Mi spiace essere crudo, ma la sola risposta che mi sento di dare è: niente. O meglio: molto di assistenziale e nulla di industriale. Siamo in Europa, e gli operai che perdono il lavoro hanno diritto a qualche forma di sostegno del reddito, e a essere aiutati nella ricerca di un posto di lavoro nuovo. Ma non raccontiamoci la fiaba che spingere un’azienda straniera a produrre in perdita sul nostro suolo sia «politica industriale», o sia una scelta razionale. La realtà è che produrre in Europa è sempre meno conveniente, per l’incredibile matassa di vincoli e regolamenti che ci siamo dati negli anni. E in alcuni paesi europei, fra cui l’Italia, l’energia (in particolare elettrica) costa troppo, come ha giustamente fatto notare il presidente di Confindustria Giorgio Squinzi.

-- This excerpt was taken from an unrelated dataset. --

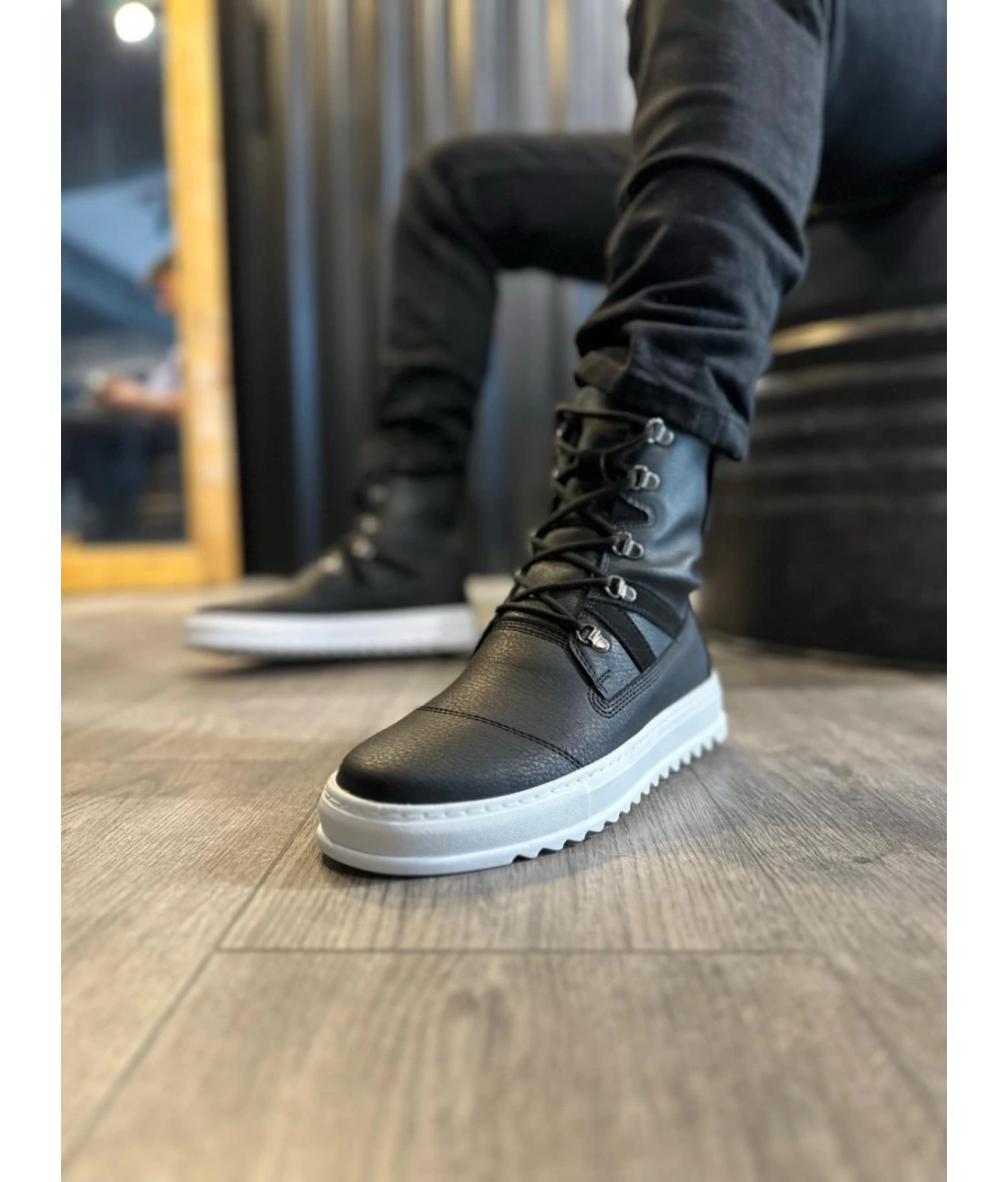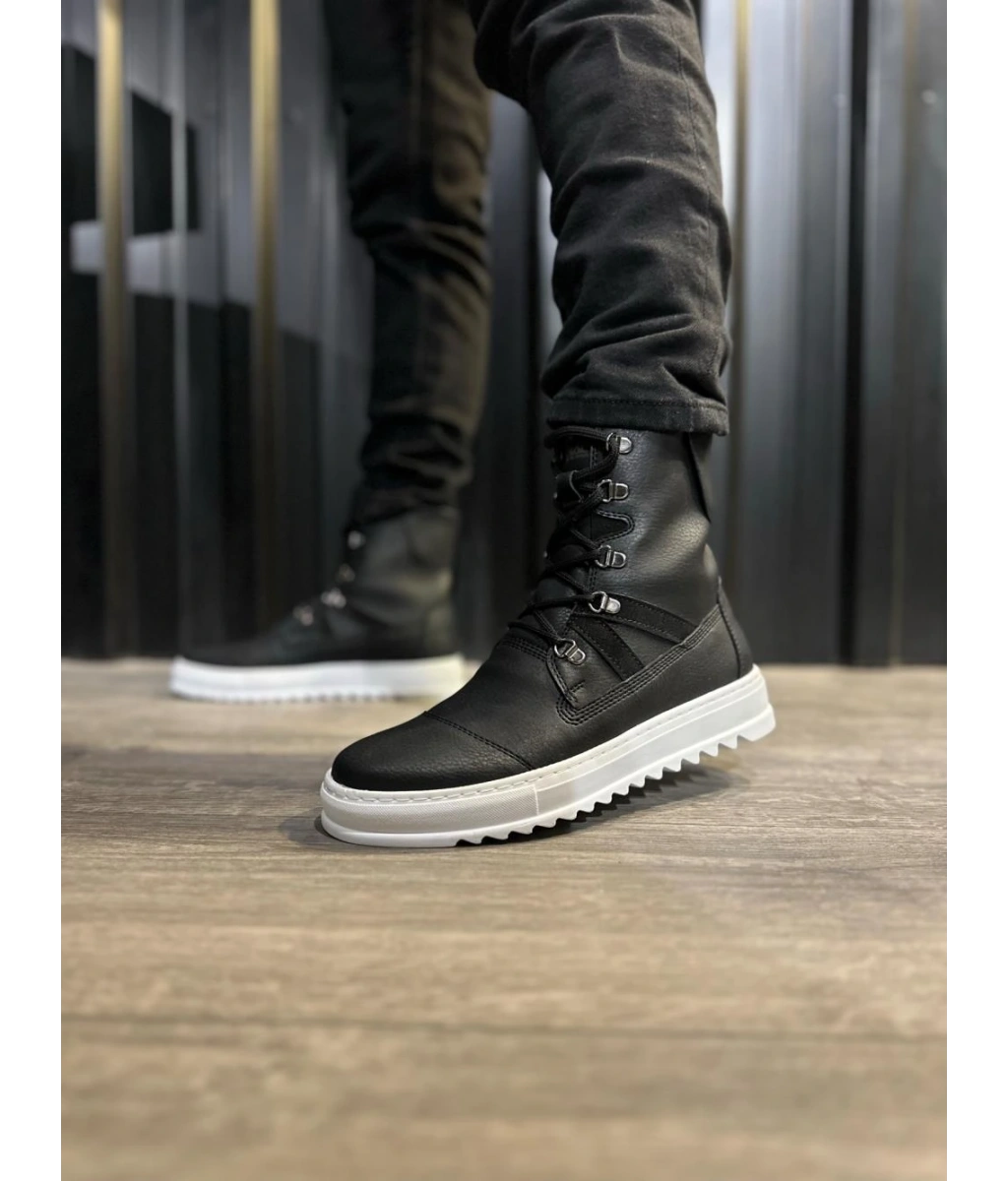 Shoecide Sb0713 Bağcıklı Yüksek Siyah Beyaz Taban Erkek Tarz Spor Bot
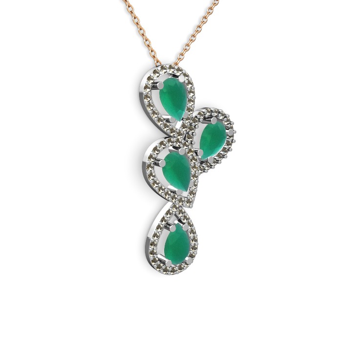 Kök zümrüt ve dumanlı kuvars 14 ayar beyaz altın kolye (40 cm rose altın rolo zincir)

Il guaio, tuttavia, è che quello dell’energia è solo un sovraccosto del produrre in Italia, uno dei tanti. Accanto all’energia ce ne sono innumerevoli altri: tempi della giustizia, tempi di pagamento della Pubblica Amministrazione, adempimenti burocratici, corruzione, prestiti bancari, tasse sul lavoro, tasse sulle imprese. Per questo, a partire da oggi, «La Stampa» – insieme con la Fondazione «David Hume» – proporrà una serie di dossier sui sovraccosti del produrre in Italia, con l’obiettivo di costruire – alla fine – un super-indice che possa dare un’idea quantitativa di qual è il sovrapprezzo che un’impresa deve pagare per operare in Italia anziché in un altro paese appartenete all’Ocse, l’organizzazione che riunisce le 34 economie più sviluppate del pianeta.
Io capisco che, non essendoci un solo euro in cassa e non riuscendo a tagliare né i costi della politica né gli sprechi, i nostri governanti siano affezionati all’idea delle riforme a costo zero. Ma mi permetto di metter loro una pulce nell’orecchio: se vogliamo che la gente torni a trovare lavoro non c’è riforma a costo zero capace di raggiungere l’obiettivo in tempi ragionevoli. Le riforme che costano nulla vanno fatte senz’altro e prima possibile, ma è ingenuo illudersi che possano bastare se non si abbassa – e di molto – il costo del produrre in Italia.